We have to participate in these old ways and to allow children to participate in the process, not just as observers.


----------



## LincTex

Davarm said:


> I think that this article does deserve a thread of its own, but, thank you for the other post also.
> 
> If you have any more of this type of knowledge, please post it. This exactly the kind of "Stuff" I am trying to dig up from any source available. Its also a whole lot better than trying to re-learn it trial and error, which has been fun, but also a little messy and fsometimes a little frustrating.


I echo Dave.

I love to hear new ideas for "What can I do with all this stinkin' corn I bought?"


----------



## LincTex

Jimthewagontraveler said:


> 1 major complaint THIS MUST BECOME A PDF.
> Then we can all print it out to store on hard copy.
> Naekid?

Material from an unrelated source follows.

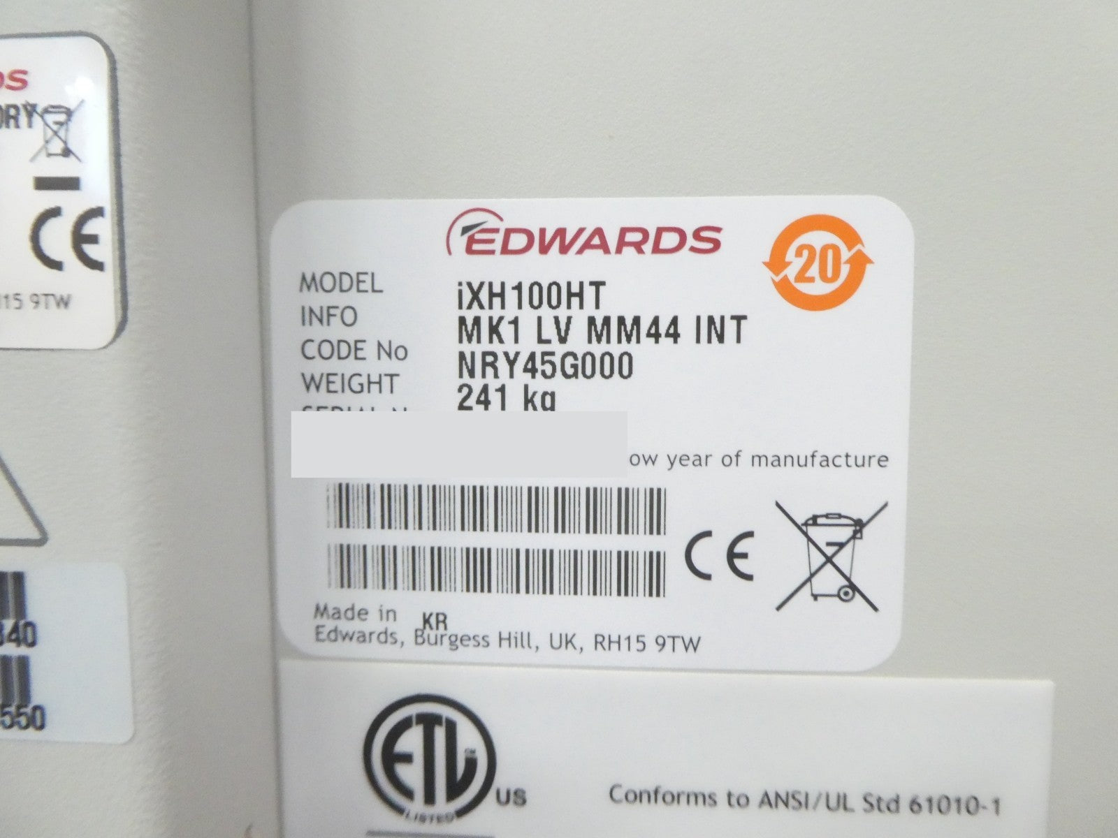 iXH 100HT Edwards NRY45G000 Vacuum Pump IXH100 Manufacturer Refurbished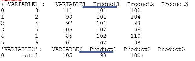 我的字典,mydict,包含了几个数据。每个数据包含不同数量的观察,但相同数量的特性。VARIABLEx既是字典中的键,也是数据帧中的第一个特性。VARIABLEx可以是数字字符,也可以是数字字符(varnum),并且可能存在“自然”排序/排序。

Andi? anybody?


Jim - - - just highlight the text, copy and paste it into a word document.... adjust the font size and type, as well as margins to your liking - - and print it *then*.

You can even save it as "simple text" and then the file size would become miniscule (a couple of Kb at the most!!).

Trying to print directly from a .html webpage is complete foolishness.


----------



## LincTex

I made a .pdf for you. It took maybe 30 seconds to do with an online converter.

This one is 160 Kb but I know I can make it a *LOT* smaller than that, even. I could get it down to just 2 Kb in plain text format.

see attachment


----------



## weedygarden

*Thank you, LincTex*

I often want to print information like this, and copying and pasting is what I usually do.

But, our administrators could add a print option to our posts. I have never added that when designing web pages, but it is possible. It would move this wonderful forum up another notch!


----------



## weedygarden

From Survival Blog recently:

This is a great youtube video showing the process.






http://www.survivalblog.com/2012/05/letter-re-optimized-corn.html


----------



## kappydell

Wow, it was cool to see that post as a pdf...i don't know how to do that, either (high-tech i am not!) 
I did try the wood ash method to make hominy. It worked fine, a little slower than the other techniques, but it did work. 
I have also had quite a few native american friends and have learned much from them over the years. not all remember the 'old ways' but they are very kind to teach them to someone who is honestly seeking knowledge for personal use - not for profit, though. some things are supposed to be free - fresh air, fresh water, game enough to eat (for those skilled enough to take it humanely and use it without waste) and wisdom. Please remember, though, that free means sans money, not sans effort.


----------



## jmanick

Puree or grind your freshly made hominy with as little water as possible and it becomes "masa" -- the traditional Mayan dough that is used as is to make tortillas and tamales, thinned to make porrage, and thinned still further and flavored to make a traditional chocolate beverage. Dried, ground hominy is masa harina.


----------



## talob

Just made my first hominy today using your method, looks like it came out good gonna have some for supper tonight don't see any reason it won't be good, tomorrow I'll do more then start canning it another first for me kinda cool.[

QUOTE=kappydell;99823]I hope you don't mind my posting an article I wrote for backwoodsman mag about treating corn to make hominy/posole. I saw a question about it in another place, thought it might go here, too....kappydell

FROM ANIMAL FEED TO PEOPLE FOOD: HOW TO MAKE HOMINY

Hominy is an interesting food. It is easily made from dry corn, producing a cheap, filling, and tasty dish that has fed common folks since colonial days. Hominy grits are chopped hominy; the whole kernel type can be found canned in some grocery stores and the dried hominy (posole) can be ordered on the internet as well. But it is cheaper and a lot more fun to make it yourself. So just how do you turn that dried corn into edible hominy? There are several ways, depending on what material you find available. I have made hominy from corn I shelled from corn ears sold for feeding squirrels, as well as animal feed corn purchased from the feed store. Dent corn or flint corn work equally well, as does white, yellow, or multi-colored corn. (Popcorn does not make hominy, though it can be ground for an acceptable corn meal.)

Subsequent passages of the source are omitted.